Ждал меня один из сильных мира сего. Встречу мне удалось устроить с трудом, через врача, которому Т. был очень обязан.
Время было выделено ограниченное, не на даче (как я предполагал), не на квартире и не на работе, конечно. Я просто должен был подойти к одному дому на Бронной точно в 15, не раньше и никак не позже. Я купил электронные часы с сигналом и подошел к дому (это называется «точка рандеву») вовремя, раньше на две минуты. «Волга» выехала из-за угла, притормозила, водитель открыл мне дверцу. Я сел с ним рядом, Т., к моему смущению, сидел сзади.
Я неловко поздоровался. Он сказал мне, что ничего объяснять не надо, мой друг ему все рассказал. Он расспросил меня о работе, я словно бы отчитывался или давал интервью солидному, слегка высокомерному, не очень заинтересованному телеобозревателю…
Мы вышли где-то в новом районе, пошли по бульвару, сели на скамейку. Невдалеке пенсионеры (по виду – отставные офицеры) играли в домино. Т. с одобрением рассматривал веселых девушек, болтающих на скамейке напротив. Пессимизм, пропагандируемый либеральной прессой, не оказывал на молодежь какого-либо заметного воздействия.
Первые вопросы я задавал, присматриваясь к собеседнику, не слишком вслушиваясь (да и девчата напротив мешали), ведь все шло на запись. Т. отвечал вдумчиво, медленно, смотря почему-то не на меня, а на магнитофон. Но вот девушки со смехом убежали, я сосредоточился на Т. и спросил:
– Какие часы показывают правильное время два раза в сутки?
Он задумался и попросил повторить. Потом лицо его осветилось.
– В программе «Время»! Ее два раза в сутки показывают – утром и вечером!
Я удивился, он был доволен. Тут только Т. заметил, что девицы исчезли.
– Ни одной – куда подевались? Как из пулемета: тра-та-та! – подивился он.
Я сказал, что они пошли смотреть видеофильм. Т. омрачился:
– Насмотрятся, как раздеваются, и сами начнут.
Я возразил, что видеофильмы бывают и очень интересные, скажем, научно-фантастические, и рассказал про американский фильм о вертолете (кажется, «Синий гром»), специально предназначенный для борьбы с преступниками: такая у него аппаратура.
– …и вот он летит над толпой, стреляет в того, в кого
нужно.
– Не понял.
– Ну – тра-та-та, а попадает только в преступников!
– Как это – только в преступников? Это не пойдет. Это не то, что нам нужно. Так полиции будет бояться кто? Одни преступники. А надо, чтобы ее боялись все. Нет, пусть уж он и во всех попадает… немного, конечно, но пусть.
Это произвело на меня впечатление.
– Теперь представьте, что вы проходите подземным переходом от площади Свердлова к Охотному ряду…
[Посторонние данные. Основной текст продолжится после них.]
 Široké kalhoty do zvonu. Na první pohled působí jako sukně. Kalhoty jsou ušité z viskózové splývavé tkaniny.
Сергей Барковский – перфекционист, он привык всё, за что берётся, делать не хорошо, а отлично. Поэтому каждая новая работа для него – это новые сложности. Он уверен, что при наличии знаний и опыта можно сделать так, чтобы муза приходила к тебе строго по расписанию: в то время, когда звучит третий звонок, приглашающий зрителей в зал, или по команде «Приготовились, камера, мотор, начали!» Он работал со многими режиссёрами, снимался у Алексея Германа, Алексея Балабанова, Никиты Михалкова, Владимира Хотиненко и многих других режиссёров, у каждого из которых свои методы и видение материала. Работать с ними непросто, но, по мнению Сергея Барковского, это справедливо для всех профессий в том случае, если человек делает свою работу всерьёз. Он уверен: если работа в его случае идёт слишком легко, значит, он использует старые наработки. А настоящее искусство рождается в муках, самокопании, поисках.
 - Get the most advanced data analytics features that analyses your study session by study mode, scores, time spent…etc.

(«Да когда он там последний раз проходил, – пронеслось у меня в голове, – что я говорю!» Но надо было завершать вопрос.)
– …и там продавец книг кричит…
– Почему?
– Продавец привлекает внимание покупателей выкриками: «Это книга о журналисте, который погубил массу народа!». О ком могла бы быть написана книга?
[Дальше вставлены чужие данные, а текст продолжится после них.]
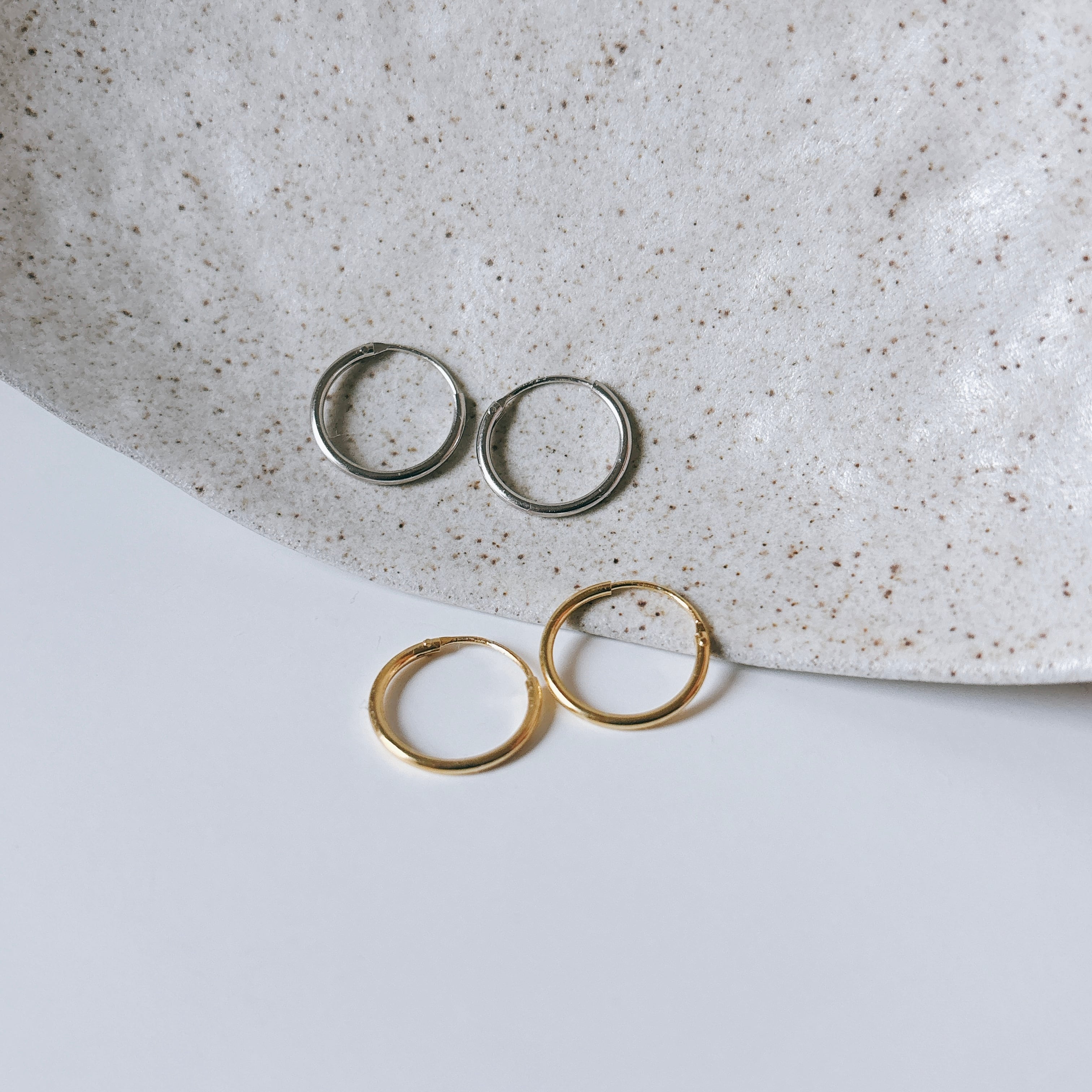 ありそうでなかなか手に入らない、細く上品なフープピアスです。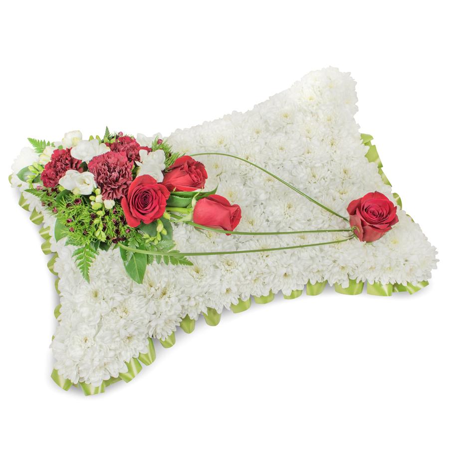 Express heartfelt sympathy with our elegant floral design. This luxurious arrangement features a stunning blend of white chrysanthemums, red roses, white freesias, dark red carnations, dianthus, and bear grass. Each stem is hand-selected for quality and vibrancy, ensuring that your gift stands out as a symbol of enduring beauty and care.

– Не о том, о ком надо. Нет такой книжки – жаль, что нет. В тридцать седьмом–тридцать восьмом журналисты много кого погубили. Вот напишет в газете, что такой-то, мол, враг народа, а реагировать кто должен? Органы.
– Чаще такие статьи писали о тех, кого уже посадили.
– Откуда вы это взяли?
Я не знал, что сказать. Действительно, откуда? В газетах
(я их читал) отнюдь не всегда упоминалось, кто уже арестован. Ссылка на прессу его не убедила бы… Оставался единственный вариант:
– Ответ принят.
Т., видимо, знал толк в таких ситуациях. Он одобрительно усмехнулся.
«Понимает ли он, что такое гений?» – подумал я и задал очередной вопрос:
– Почему так много гениев, которых признали после
смерти?
– Люди их не любят, и не знают, что они гении. Ну а потом уже ясно становится. Людям зачем гений? Спокойнее жить – вот это нужно.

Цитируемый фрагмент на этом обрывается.